> [WHAT YOU NEED TO DO] Begin at the line containing "Հայաստանի նախագահ Սերժ" in the records below, end at the line containing "注:考试设基础科目《建设工程", and retype each line in that span exactly. No other line and no image should appear.

> [EXERCISE INPUT]
==*==
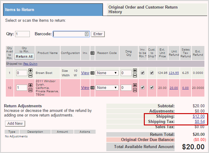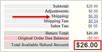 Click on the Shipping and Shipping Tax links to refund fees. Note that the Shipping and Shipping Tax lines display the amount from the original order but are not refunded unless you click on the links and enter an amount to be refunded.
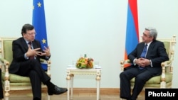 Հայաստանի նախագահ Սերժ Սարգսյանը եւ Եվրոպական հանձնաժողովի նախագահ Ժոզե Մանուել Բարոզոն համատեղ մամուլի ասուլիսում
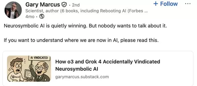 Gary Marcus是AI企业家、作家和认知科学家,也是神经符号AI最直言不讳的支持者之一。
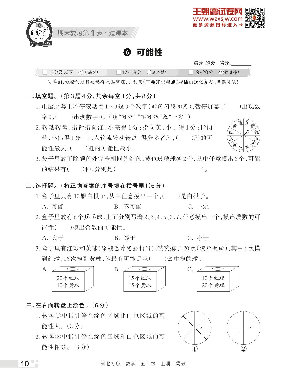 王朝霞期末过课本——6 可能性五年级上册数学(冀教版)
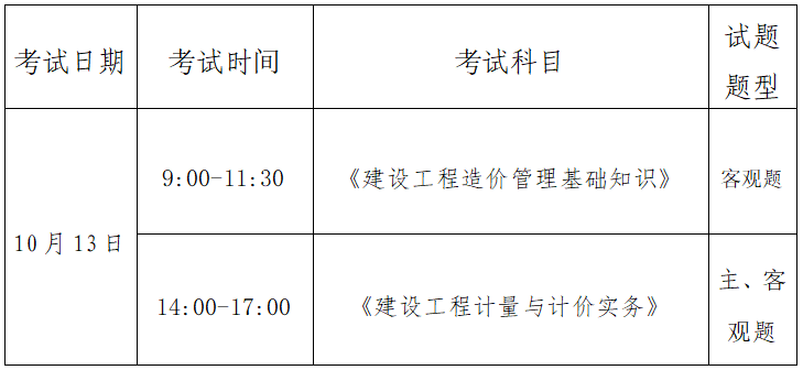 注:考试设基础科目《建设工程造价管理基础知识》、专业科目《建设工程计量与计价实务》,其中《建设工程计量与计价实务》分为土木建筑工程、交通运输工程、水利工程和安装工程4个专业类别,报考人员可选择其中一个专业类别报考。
==*==
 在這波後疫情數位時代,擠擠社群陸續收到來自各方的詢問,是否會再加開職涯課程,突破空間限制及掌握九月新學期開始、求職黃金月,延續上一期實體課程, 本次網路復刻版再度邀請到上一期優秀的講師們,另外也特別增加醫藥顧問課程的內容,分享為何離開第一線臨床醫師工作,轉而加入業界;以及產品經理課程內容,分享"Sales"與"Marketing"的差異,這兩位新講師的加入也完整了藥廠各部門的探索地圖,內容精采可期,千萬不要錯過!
==*==
> [FINAL ANSWER]
 Հայաստանի նախագահ Սերժ Սարգսյանը եւ Եվրոպական հանձնաժողովի նախագահ Ժոզե Մանուել Բարոզոն համատեղ մամուլի ասուլիսում
 Gary Marcus是AI企业家、作家和认知科学家,也是神经符号AI最直言不讳的支持者之一。
 王朝霞期末过课本——6 可能性五年级上册数学(冀教版)
 注:考试设基础科目《建设工程造价管理基础知识》、专业科目《建设工程计量与计价实务》,其中《建设工程计量与计价实务》分为土木建筑工程、交通运输工程、水利工程和安装工程4个专业类别,报考人员可选择其中一个专业类别报考。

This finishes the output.